I walked into Mystery Cat Books, my excellent home town mystery bookstore owned by two fine people, Ruth and Todd Myers by name, and Todd said, "I've got something for you."

And man what a Something.

He'd found a sign copy of my favorite Fredric Brown novel The Far Cry (I'd argue that it out Thompsons Jim Thompson in many respects). And he gave it to me knowing what I think of Brown and especially this novel.

The inscription reads:

With Tears
by
Cry Baby Brown
(or Fredric Brown)

Obviously a very personal (and thus obscure) inscription but a book I'll treasure the rest of my life, Brown being one of my five favorite crime writers of all time.

Thanks very much to Todd and Ruth..


-----------------Ed McBain

Stuart Evers makes the case for Ed McBain being the grandfather of all well-regarded police dramas--even though he often doesn't get the proper credit. As I recall Evan Hunter most resented Hill Street Blues for a) stealing the 87th whole without apology or credit b) turning it into a ridiculous weepy.

Here's Evers:

"Joseph Wambaugh first staked out the territory since occupied by Price and Pelecanos. Wambaugh was an ex-cop whose novels and non-fiction count among the most realistic, pugnacious and nuanced of all police procedurals. Starting in the early 70s, he shone a new light on the dark humour of the cops who patrolled a decaying Los Angeles. His novel The Choir Boys, which was preceded by the masterful non-fiction work The Onion Field, stand out from his early work, but was followed by a patchy run of novels. Only his return to the police of LA in Hollywood Station (a suggestion, or plea, from James Ellroy being the impetus) restored his reputation as a real master of genre.

"But If Wambaugh honed and shaped this more messy, character driven-crime writing, then Ed McBain invented it. His 87th Precinct novels - all of which begin with the epigram: "The City in these pages is imaginary. The people, the places, are all fictions. Only the police routine is based on established investigatory techniques" – are the books to which so much detective fiction indebted.
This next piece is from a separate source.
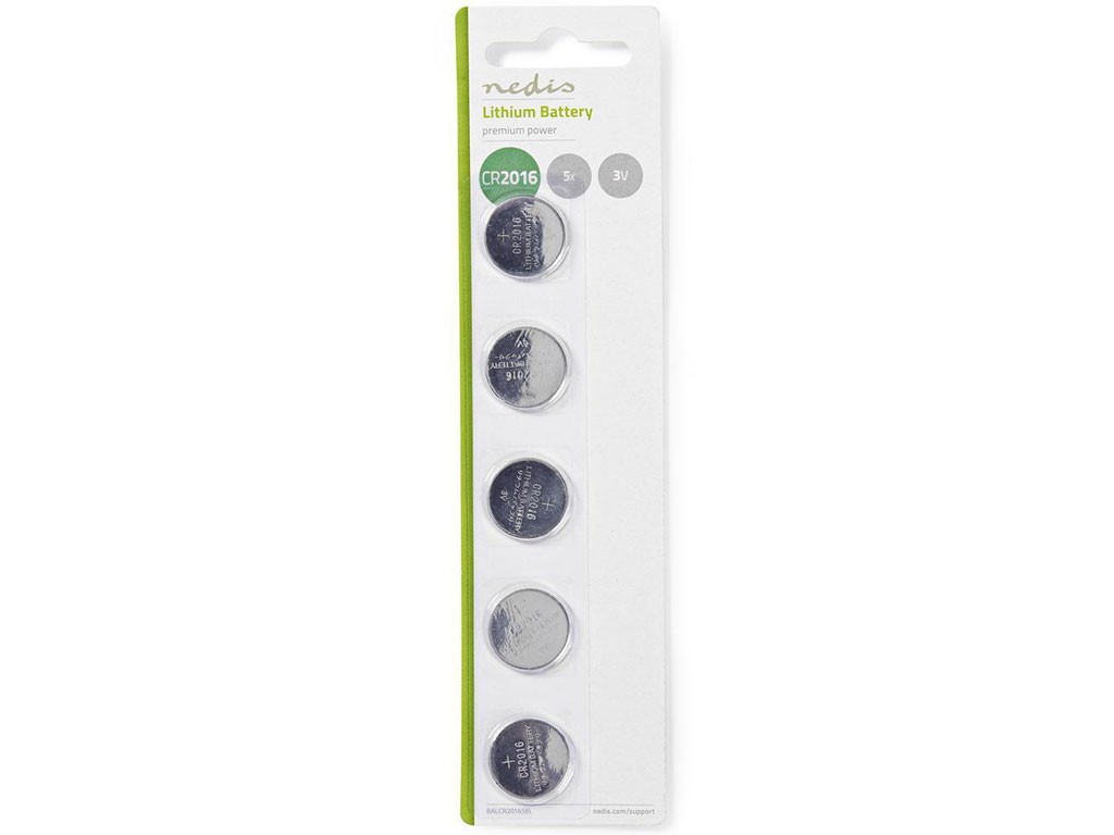 Nedis CR2016 Lítiová Batéria 3V - Balenie 5ksTieto lítiové gombíkové batérie CR2016 s dlhou životnosťou sú ideálne pre široké spektrum elektronických zariadení. Poskytujú spoľahlivý napájací zdroj pre zariadenia ako sú diaľkové ovládače, hodinky a ďalšie.

These tales – short, violent, meticulously plotted – show the police as more than just an ace detective surrounded by stooges and sidekicks. Here was a company of men and women trying to make it through each shift, through each case, with their humour and their lives intact. The series' brevity, wit and ear for the vernacular of both the tough and the weak are as cracking in their understatements as Chandler and Hammett were with their wise-acre shtick."

for the rest go here:
http://www.guardian.co.uk/books/booksblog/2008/sep/16/the.wire.ed.mcbain.joseph.wambaugh

4 comments:

Anonymous said...

Some of the comments to the Guardian article show that there are some truly clueless people out here. "Pointing readers to Ed McBain is like suggesting Sci-Fi fans read novelizations of Star Wars rather than Ray Bradbury". Say WHAT?

pattinase (abbott) said...

This begs who are the other four?

Anonymous said...

The Far Cry is my favorite Brown novel also, followed closely by The Lights in the Sky Are Stars. Brown deserves a serious reprint program. My favorite McBain, by the way, is Ghosts.

Martin Edwards said...

The inscribed Brown is something to treasure. What a wonderful gift!